» **EXERCISE OBJECTIVE**
Output every entry exactly, without any pictures.

Extracted data entries
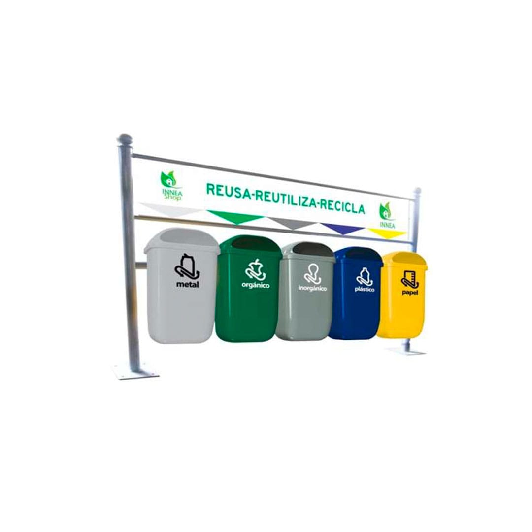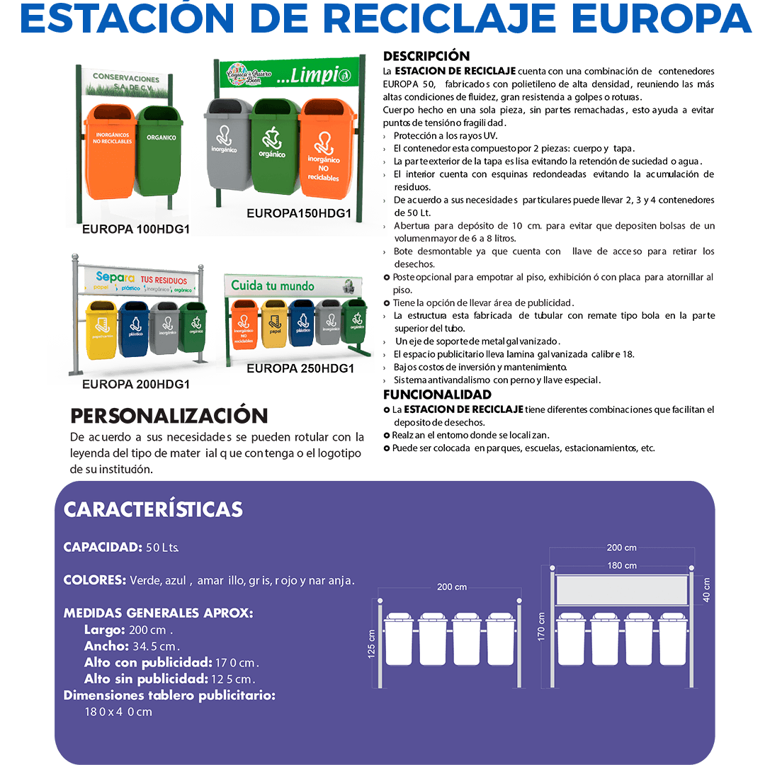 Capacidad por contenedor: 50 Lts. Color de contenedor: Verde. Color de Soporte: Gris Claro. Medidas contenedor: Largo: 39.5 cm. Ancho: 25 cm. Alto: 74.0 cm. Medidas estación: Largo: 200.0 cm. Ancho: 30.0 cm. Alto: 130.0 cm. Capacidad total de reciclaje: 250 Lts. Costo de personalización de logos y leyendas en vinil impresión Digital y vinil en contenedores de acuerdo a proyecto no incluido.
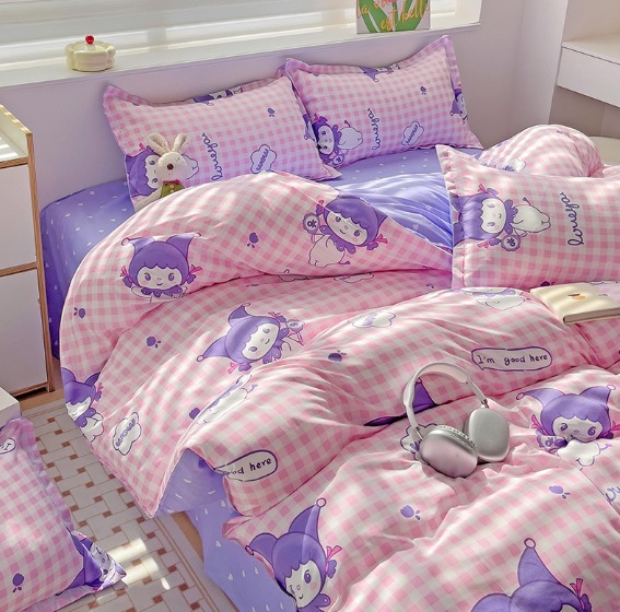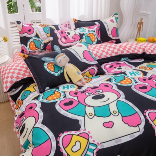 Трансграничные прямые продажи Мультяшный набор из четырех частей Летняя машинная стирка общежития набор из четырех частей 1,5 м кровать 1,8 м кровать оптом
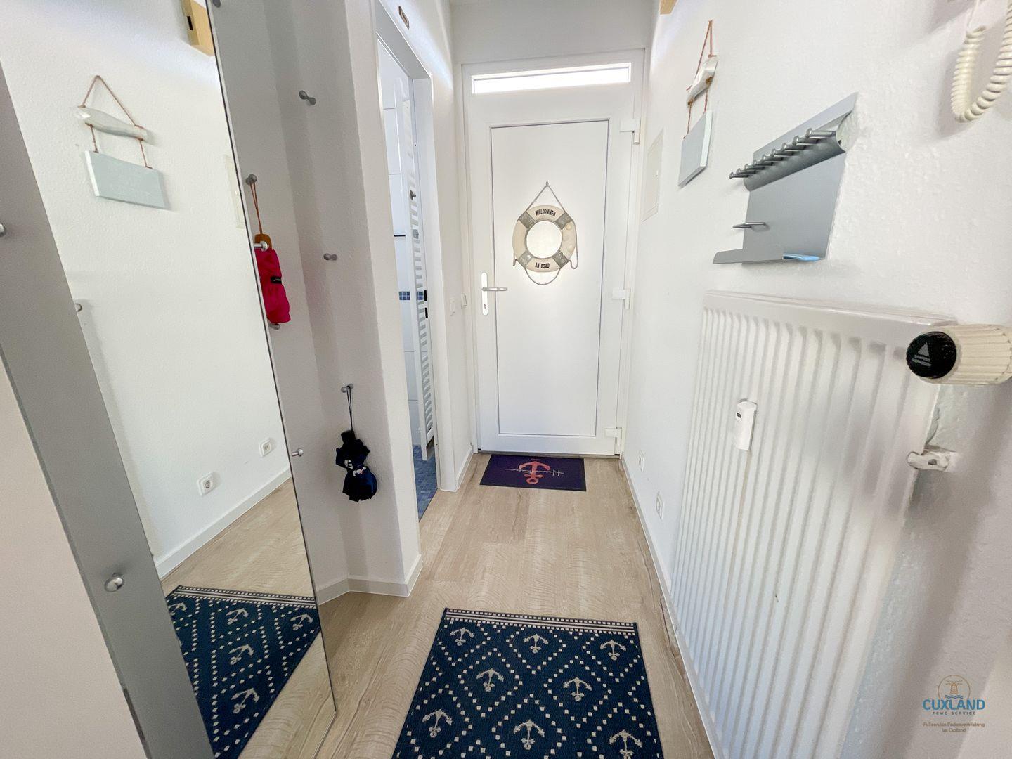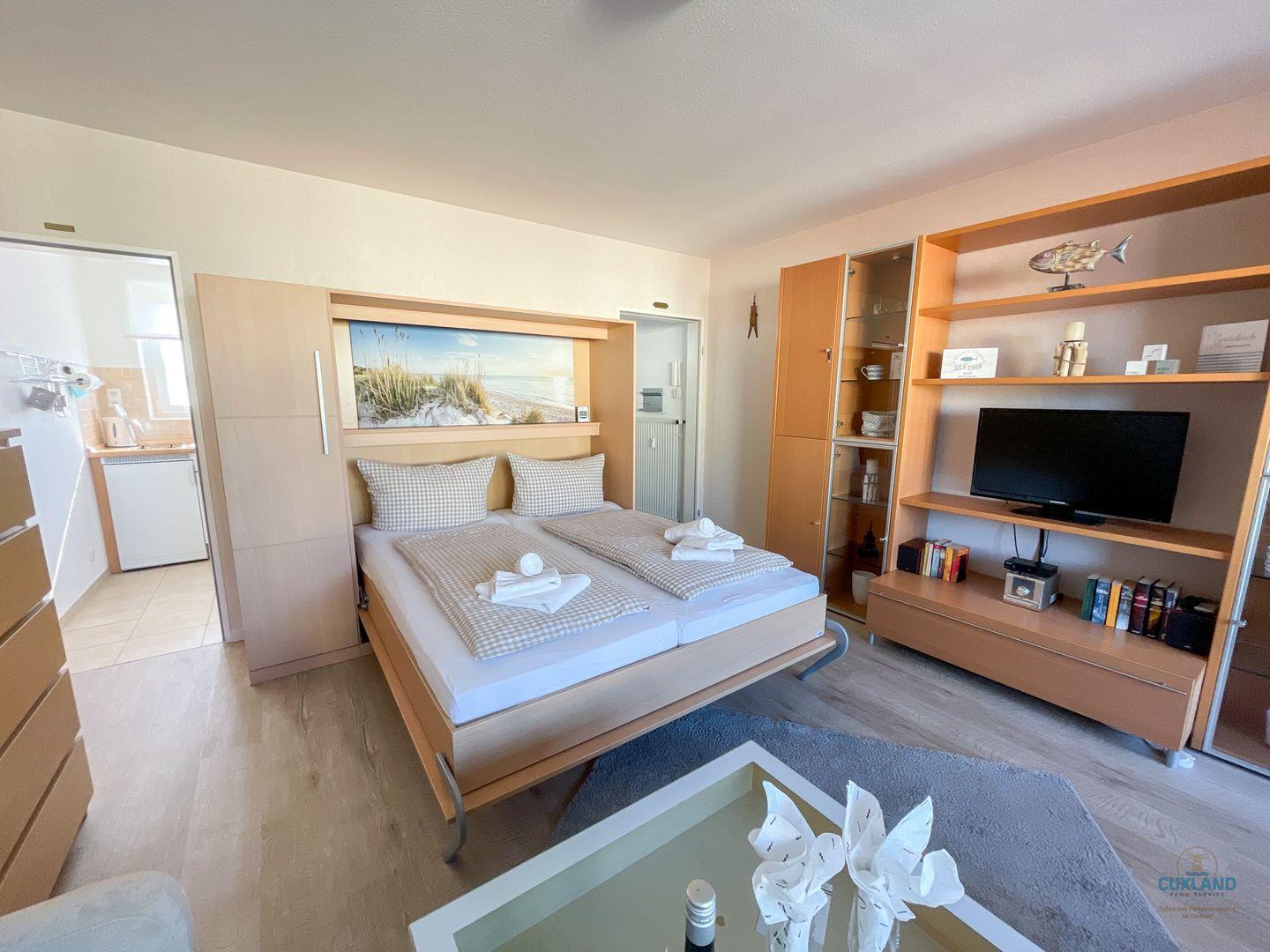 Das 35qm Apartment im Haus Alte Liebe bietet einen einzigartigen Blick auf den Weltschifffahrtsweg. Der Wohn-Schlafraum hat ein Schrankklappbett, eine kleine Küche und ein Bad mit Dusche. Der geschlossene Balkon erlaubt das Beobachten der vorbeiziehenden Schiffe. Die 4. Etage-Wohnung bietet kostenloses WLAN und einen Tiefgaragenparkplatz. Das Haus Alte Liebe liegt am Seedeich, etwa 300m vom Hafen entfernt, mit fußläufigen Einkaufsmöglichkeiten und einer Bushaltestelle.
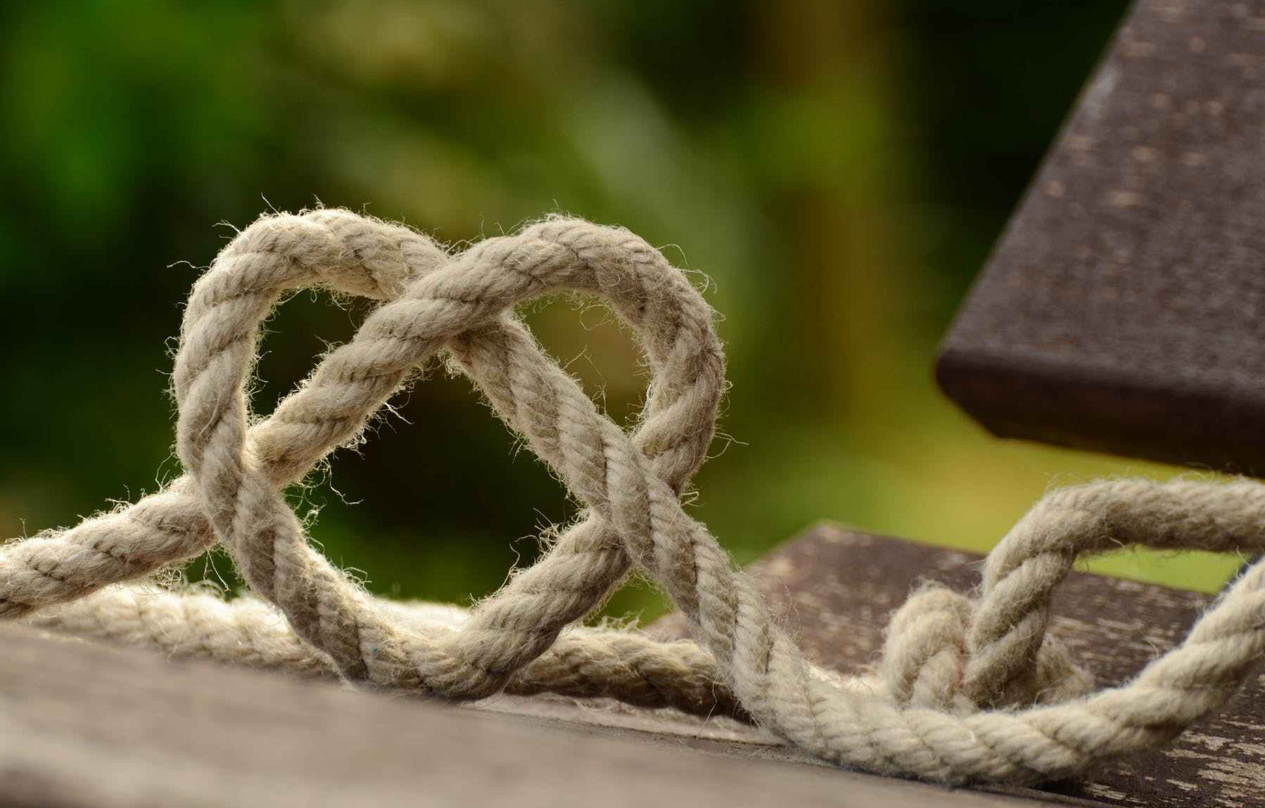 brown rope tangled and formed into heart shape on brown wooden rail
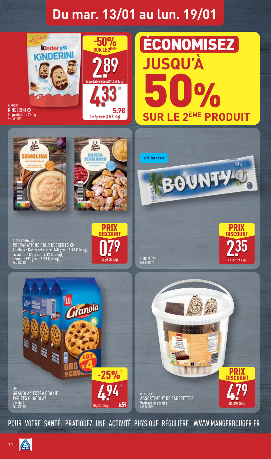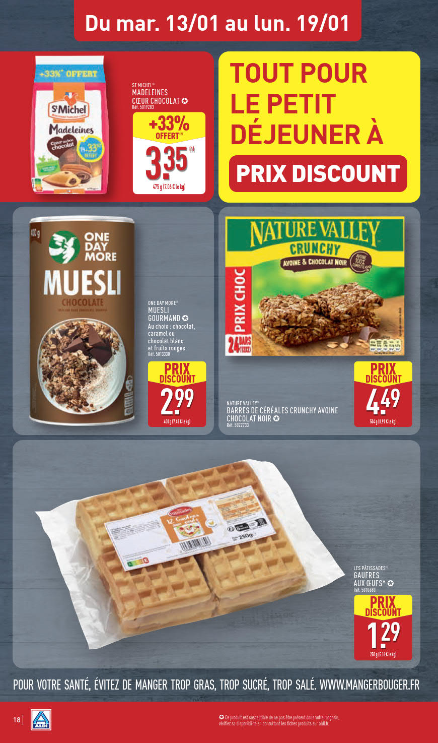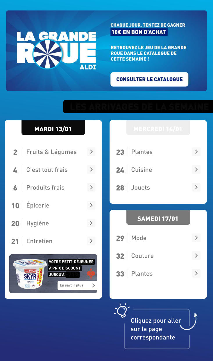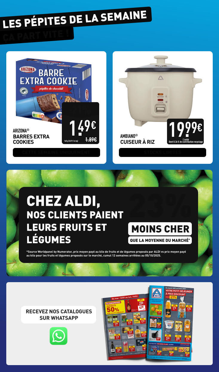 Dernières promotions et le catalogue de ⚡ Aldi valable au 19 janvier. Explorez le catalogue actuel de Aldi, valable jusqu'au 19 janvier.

» **TASK OUTPUT**
 Capacidad por contenedor: 50 Lts. Color de contenedor: Verde. Color de Soporte: Gris Claro. Medidas contenedor: Largo: 39.5 cm. Ancho: 25 cm. Alto: 74.0 cm. Medidas estación: Largo: 200.0 cm. Ancho: 30.0 cm. Alto: 130.0 cm. Capacidad total de reciclaje: 250 Lts. Costo de personalización de logos y leyendas en vinil impresión Digital y vinil en contenedores de acuerdo a proyecto no incluido.
 Трансграничные прямые продажи Мультяшный набор из четырех частей Летняя машинная стирка общежития набор из четырех частей 1,5 м кровать 1,8 м кровать оптом
 Das 35qm Apartment im Haus Alte Liebe bietet einen einzigartigen Blick auf den Weltschifffahrtsweg. Der Wohn-Schlafraum hat ein Schrankklappbett, eine kleine Küche und ein Bad mit Dusche. Der geschlossene Balkon erlaubt das Beobachten der vorbeiziehenden Schiffe. Die 4. Etage-Wohnung bietet kostenloses WLAN und einen Tiefgaragenparkplatz. Das Haus Alte Liebe liegt am Seedeich, etwa 300m vom Hafen entfernt, mit fußläufigen Einkaufsmöglichkeiten und einer Bushaltestelle.
 brown rope tangled and formed into heart shape on brown wooden rail
 Dernières promotions et le catalogue de ⚡ Aldi valable au 19 janvier. Explorez le catalogue actuel de Aldi, valable jusqu'au 19 janvier.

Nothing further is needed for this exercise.